▸ **Exercise directions**
Repeat the data that follows exactly, starting at the line with "NOTICE >공지사항 >업계소식" and ending at the line with "Os apartamentos tipo", and leave out every picture.

▸ **Records**
---+---

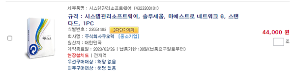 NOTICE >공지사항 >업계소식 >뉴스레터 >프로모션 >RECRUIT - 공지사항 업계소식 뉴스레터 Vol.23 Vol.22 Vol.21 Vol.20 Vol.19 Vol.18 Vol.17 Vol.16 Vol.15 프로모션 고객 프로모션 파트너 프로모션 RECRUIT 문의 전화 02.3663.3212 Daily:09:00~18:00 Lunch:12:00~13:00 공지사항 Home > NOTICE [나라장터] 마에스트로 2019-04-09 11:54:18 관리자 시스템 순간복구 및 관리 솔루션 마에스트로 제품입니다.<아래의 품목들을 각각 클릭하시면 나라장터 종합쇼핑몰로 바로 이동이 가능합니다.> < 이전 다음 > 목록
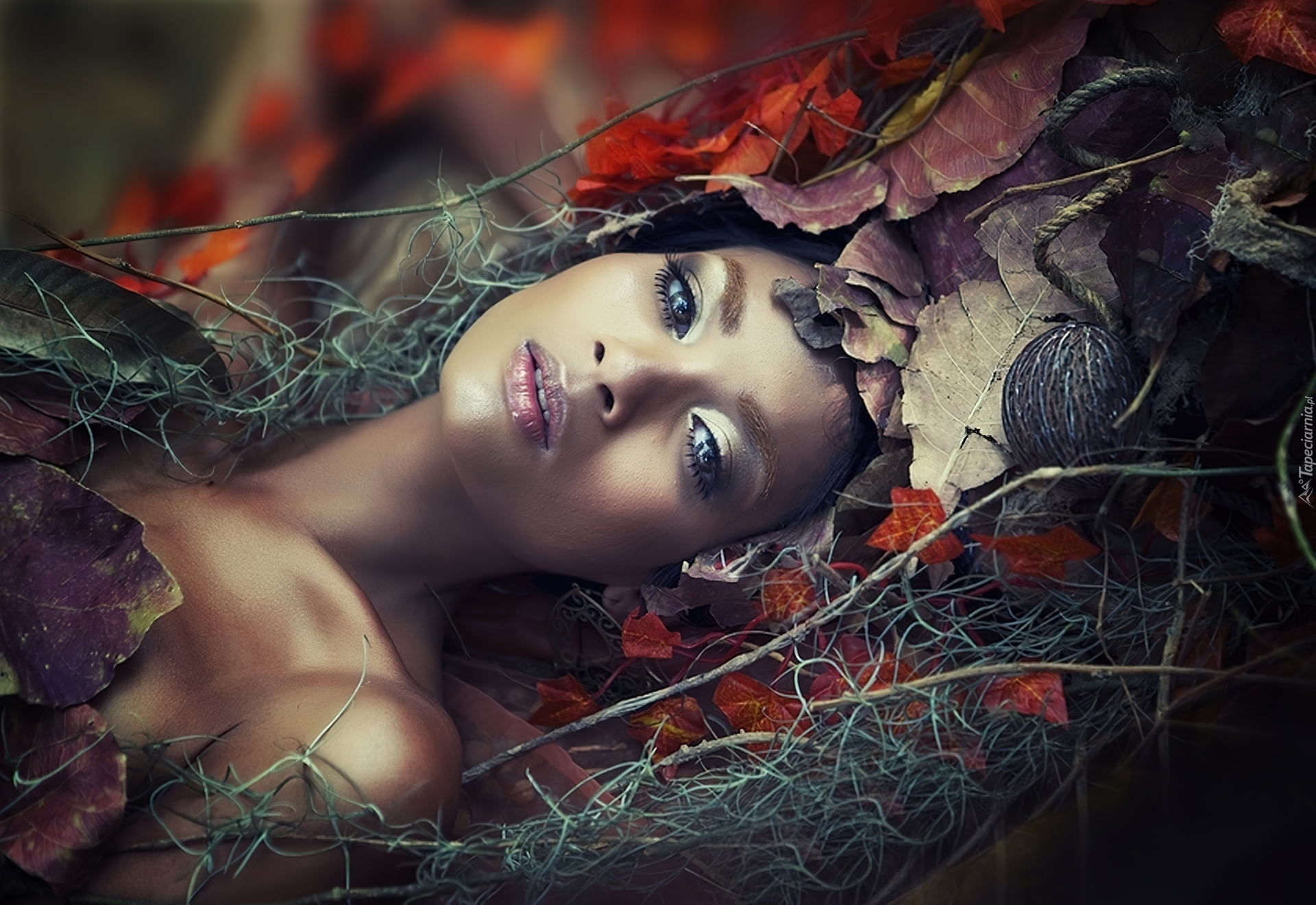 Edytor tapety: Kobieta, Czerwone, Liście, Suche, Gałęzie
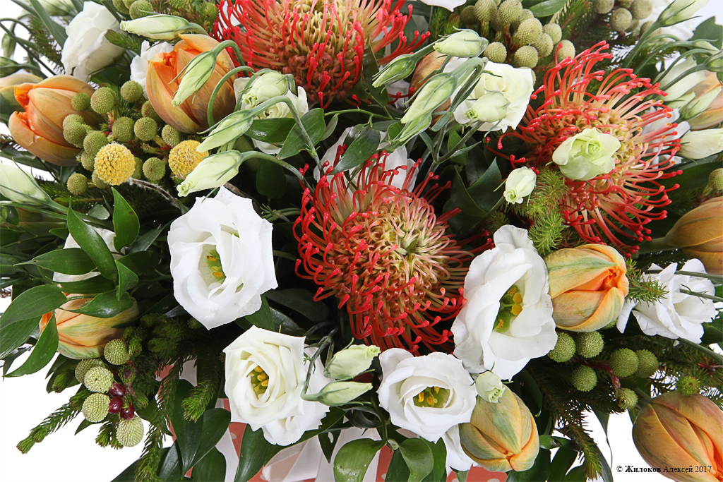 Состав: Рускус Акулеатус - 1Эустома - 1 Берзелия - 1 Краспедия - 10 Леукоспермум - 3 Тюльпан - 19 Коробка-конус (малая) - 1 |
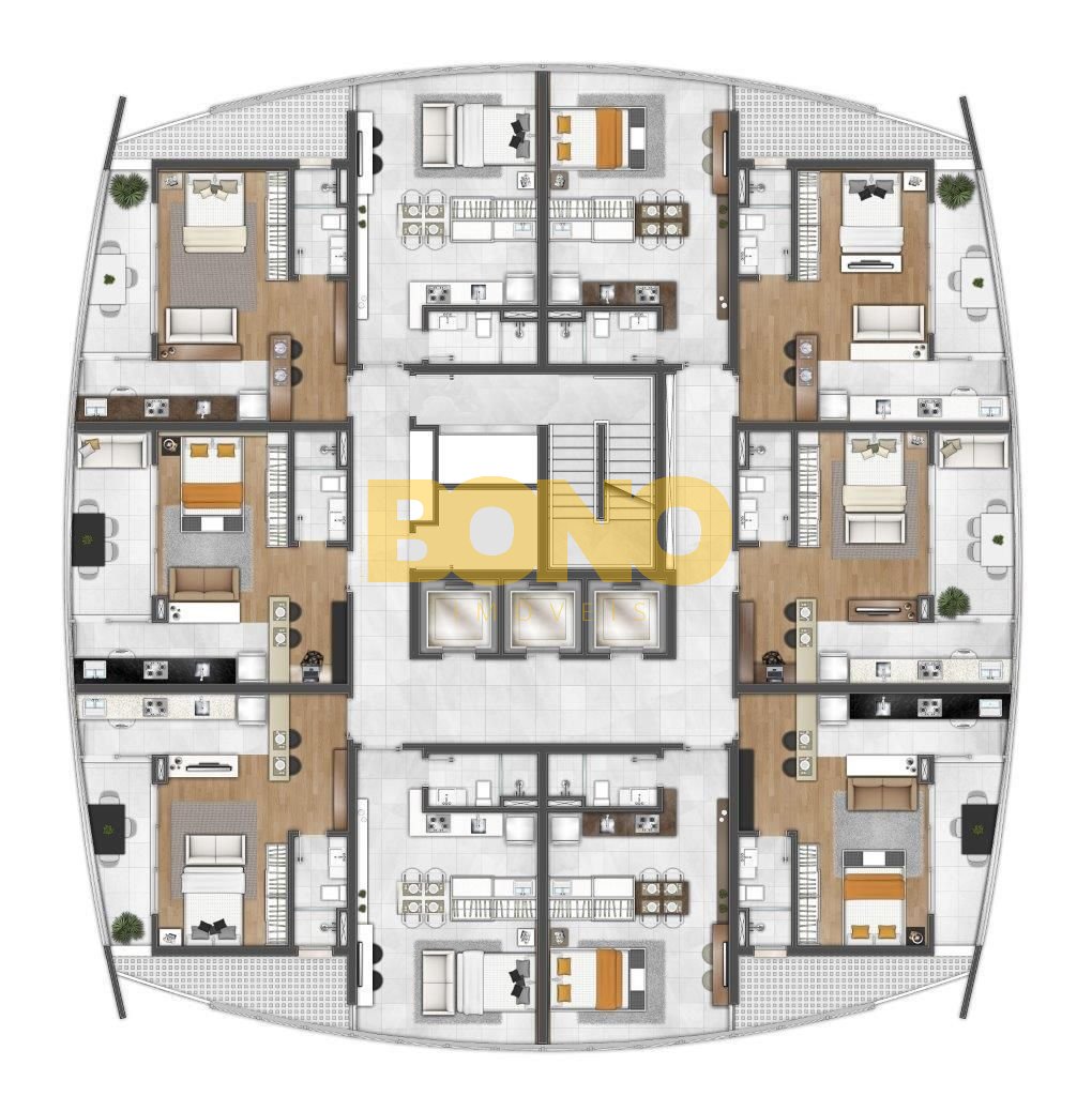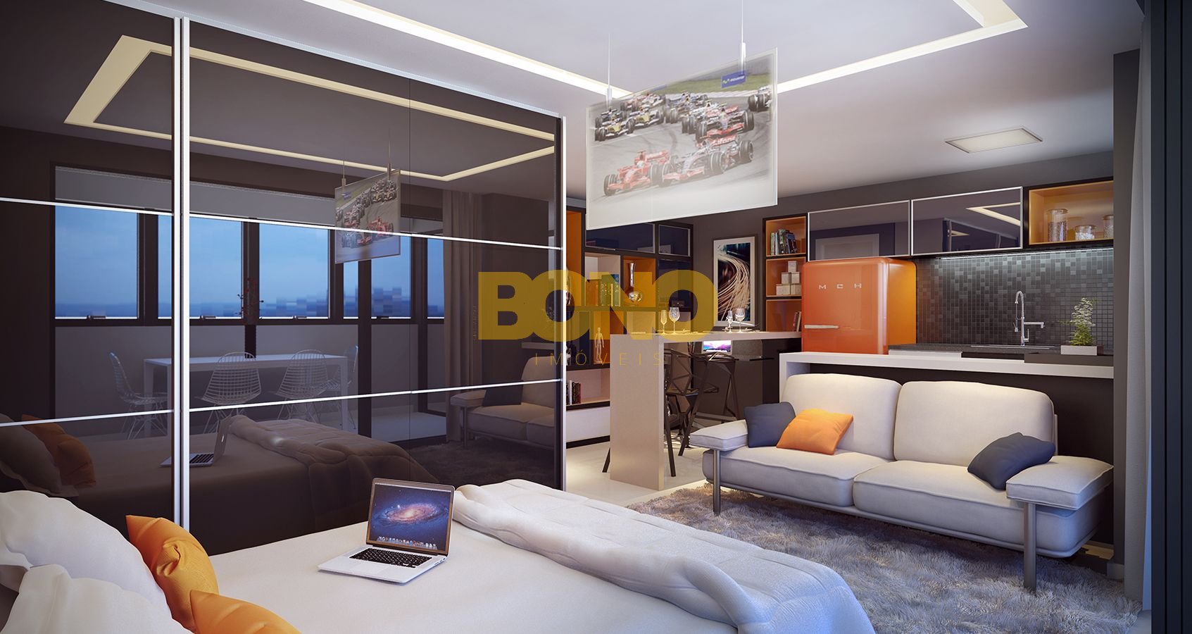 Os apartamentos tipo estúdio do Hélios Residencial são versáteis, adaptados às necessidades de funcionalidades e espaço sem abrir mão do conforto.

---+---

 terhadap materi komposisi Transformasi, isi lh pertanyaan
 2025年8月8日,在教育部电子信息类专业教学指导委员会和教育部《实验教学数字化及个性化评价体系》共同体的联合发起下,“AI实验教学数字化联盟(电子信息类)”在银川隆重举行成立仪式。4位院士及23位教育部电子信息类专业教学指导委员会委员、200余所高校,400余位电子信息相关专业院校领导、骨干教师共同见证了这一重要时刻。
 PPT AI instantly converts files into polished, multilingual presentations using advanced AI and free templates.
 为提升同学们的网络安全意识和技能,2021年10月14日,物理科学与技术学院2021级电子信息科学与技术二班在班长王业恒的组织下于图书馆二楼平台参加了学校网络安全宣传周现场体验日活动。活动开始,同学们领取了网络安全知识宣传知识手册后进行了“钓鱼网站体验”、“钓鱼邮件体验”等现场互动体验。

---+---

▸ **Solution**
 NOTICE >공지사항 >업계소식 >뉴스레터 >프로모션 >RECRUIT - 공지사항 업계소식 뉴스레터 Vol.23 Vol.22 Vol.21 Vol.20 Vol.19 Vol.18 Vol.17 Vol.16 Vol.15 프로모션 고객 프로모션 파트너 프로모션 RECRUIT 문의 전화 02.3663.3212 Daily:09:00~18:00 Lunch:12:00~13:00 공지사항 Home > NOTICE [나라장터] 마에스트로 2019-04-09 11:54:18 관리자 시스템 순간복구 및 관리 솔루션 마에스트로 제품입니다.<아래의 품목들을 각각 클릭하시면 나라장터 종합쇼핑몰로 바로 이동이 가능합니다.> < 이전 다음 > 목록
 Edytor tapety: Kobieta, Czerwone, Liście, Suche, Gałęzie
 Состав: Рускус Акулеатус - 1Эустома - 1 Берзелия - 1 Краспедия - 10 Леукоспермум - 3 Тюльпан - 19 Коробка-конус (малая) - 1 |
 Os apartamentos tipo estúdio do Hélios Residencial são versáteis, adaptados às necessidades de funcionalidades e espaço sem abrir mão do conforto.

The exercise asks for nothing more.